ON CHOICE FROM FINITE VS INFINITE FIELDS IN COURSE OF PROBABILITY THEORY
1Krasnoshchekov V.V., 1Semenova N.V., 2Mohamed B.M.M., 3Bakkar M.M.A.
1 Peter the Great St. Petersburg Polytechnic University, St. Petersburg, Russia (195220, St. Petersburg, Polytechnicheskaya street, 29), e-mail: krasno_vv@spbstu.ru
2 Cairo University, Giza, Egypt (12613, 1 Gamaa Street, Giza, Egypt), e-mail: boss_3ds@yahoo.com
3 University Al-Baath, Damascus, Syria (PP75+5VC, Aleppo Highway, Damascus, Syria), e-mail: mamadyan1997@gmail.com
The authors continue to study the accuracy and limitations of applicability of probabilistic models. The concept of accuracy is an important component of the competencies of university graduates in the field of mathematical modeling. In this paper, the authors compare the probabilities calculated using exact and approximate formulas. The authors find the probabilities of selection from an infinite field of options using the exact Bernoulli formula, which, in this case, bases on the statistical definition of probability. Obviously, in practical problems, only a choice from a finite field of options is possible, then they make calculations according to the classical selection formula. The authors conduct all research on the material of the same task, which is neutral in terms of the content of the text, and, at the same time, allows for a simple interpretation of the results. The found values of the absolute and relative errors of calculating the probabilities demonstrate a fairly fast convergence of the approximate results to the exact ones.

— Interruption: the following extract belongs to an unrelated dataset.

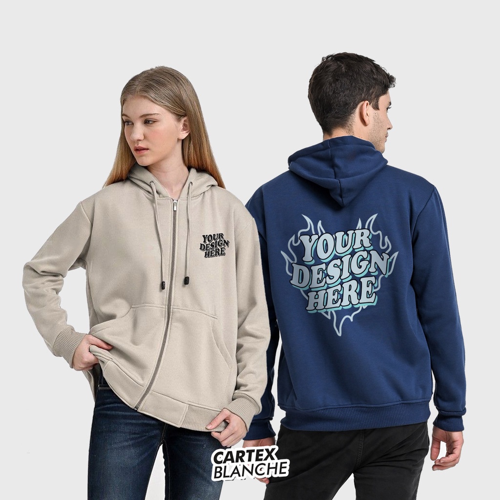CARTEXBLANCHE - Custom Design Sendiri Jaket Hoodie Zipper Sablon / Bordir Unisex Pria - Wanita Size M - XXL

Thus, the authors empirically established the limit values of the size of the variants bank, at which the exact and approximate results differ by no more than 1%. The selected approximations of the lines of convergence give formulas for the minimum required size of the bank of variants. It is possible to use these formulas at medium risk levels of the processes under consideration.
Keywords: teaching the theory of probability, Bernoulli's formula, choice based on the classical definition, absolute error, relative error.